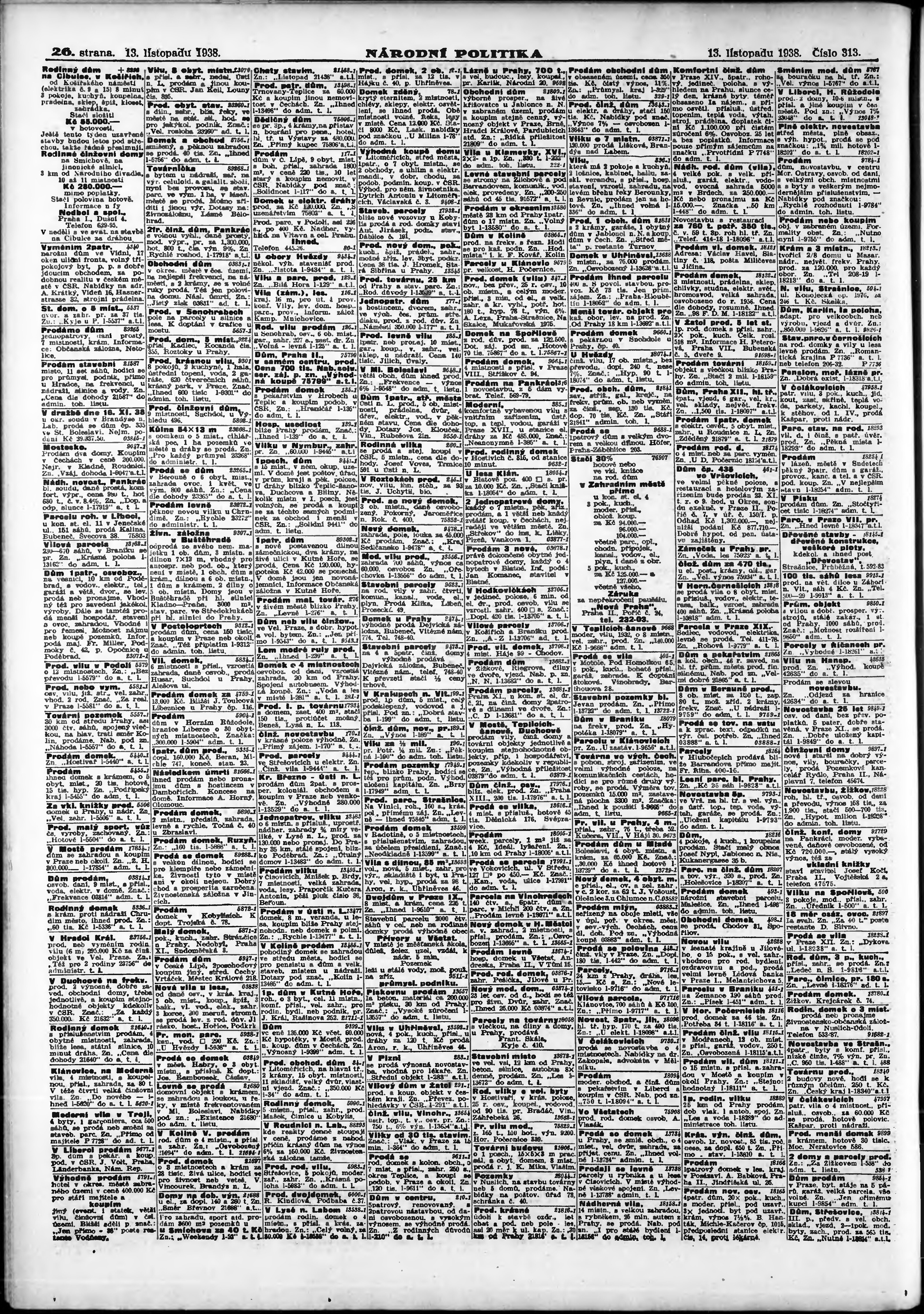 * Datum vydání výtisku: 13.11.1938 Číslo výtisku: 313 Poznámky k výtisku: ranní vydání;
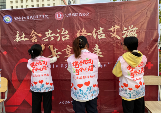 签名留影:在主题展板前,一笔一画,不仅是名字的印记,更是对艾滋病防治承诺的见证。每一张笑脸,都承载着对知识的渴望和对未来的期许,爱与知识就这样在校园里悄然传递。
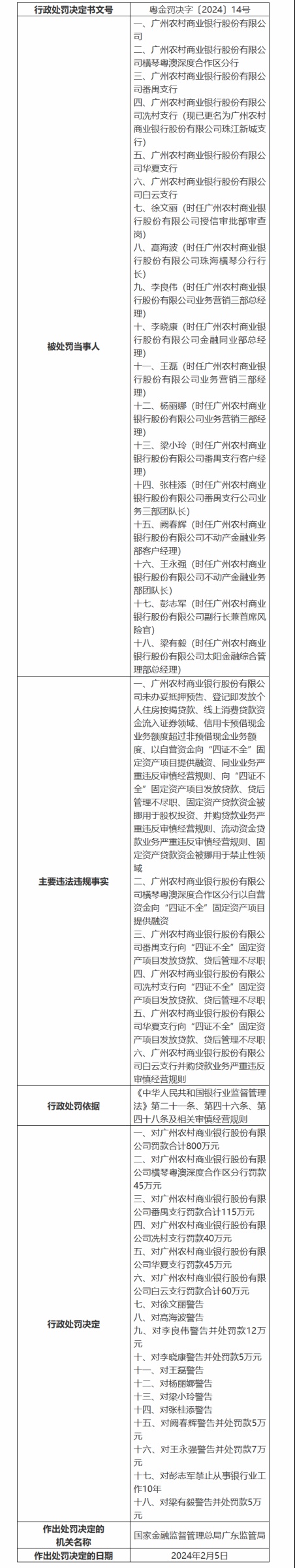记者梳理监管部门公开信息发现,2024年,该行曾因未办妥抵押登记即发放个人住房按揭贷款、消费贷资金违规流入证券等禁止性领域、信用卡额度管理失控等多项严重违规,被广东监管局合并处罚1105万元,其中总行被罚800万元。
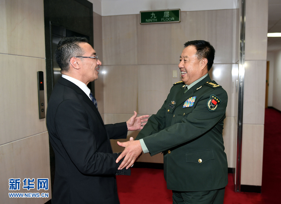 ??? 10月15日,中共中央軍委副主席范長(zhǎng)龍?jiān)诒本┌艘淮髽菚?huì)見(jiàn)來(lái)華出席中國(guó)-東盟國(guó)防部長(zhǎng)非正式會(huì)晤及香山論壇的馬來(lái)西亞國(guó)防部長(zhǎng)希沙姆丁。新華社記者張領(lǐng)攝
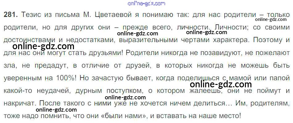 Готовые домашние задания по Русскому языку за 9 класс Учебник Тростенцова, Ладыженская 2014 - Упражнения 281
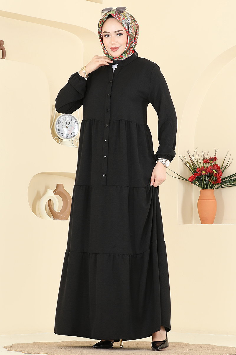 Buttoned Aerobin Long Dress is a stylish and modern modest wear. Suitable for all seasons, this dress can be washed at 30 degrees on a gentle cycle. Made from aerobin fabric, it promises long-lasting wear. Features a semi-mandarin collar and button-front design for practicality. The dress is unlined and has elasticated cuffs. Models are displayed in size 40.
____
● Aim of the exercise:
What lines above run from the one with "签名留影:在主题展板前,一笔" to the one with "记者梳理监管部门公开信息发现"? Give them again exactly, ends included, and leave the pictures out.

● Answer to this problem:
 签名留影:在主题展板前,一笔一画,不仅是名字的印记,更是对艾滋病防治承诺的见证。每一张笑脸,都承载着对知识的渴望和对未来的期许,爱与知识就这样在校园里悄然传递。
记者梳理监管部门公开信息发现,2024年,该行曾因未办妥抵押登记即发放个人住房按揭贷款、消费贷资金违规流入证券等禁止性领域、信用卡额度管理失控等多项严重违规,被广东监管局合并处罚1105万元,其中总行被罚800万元。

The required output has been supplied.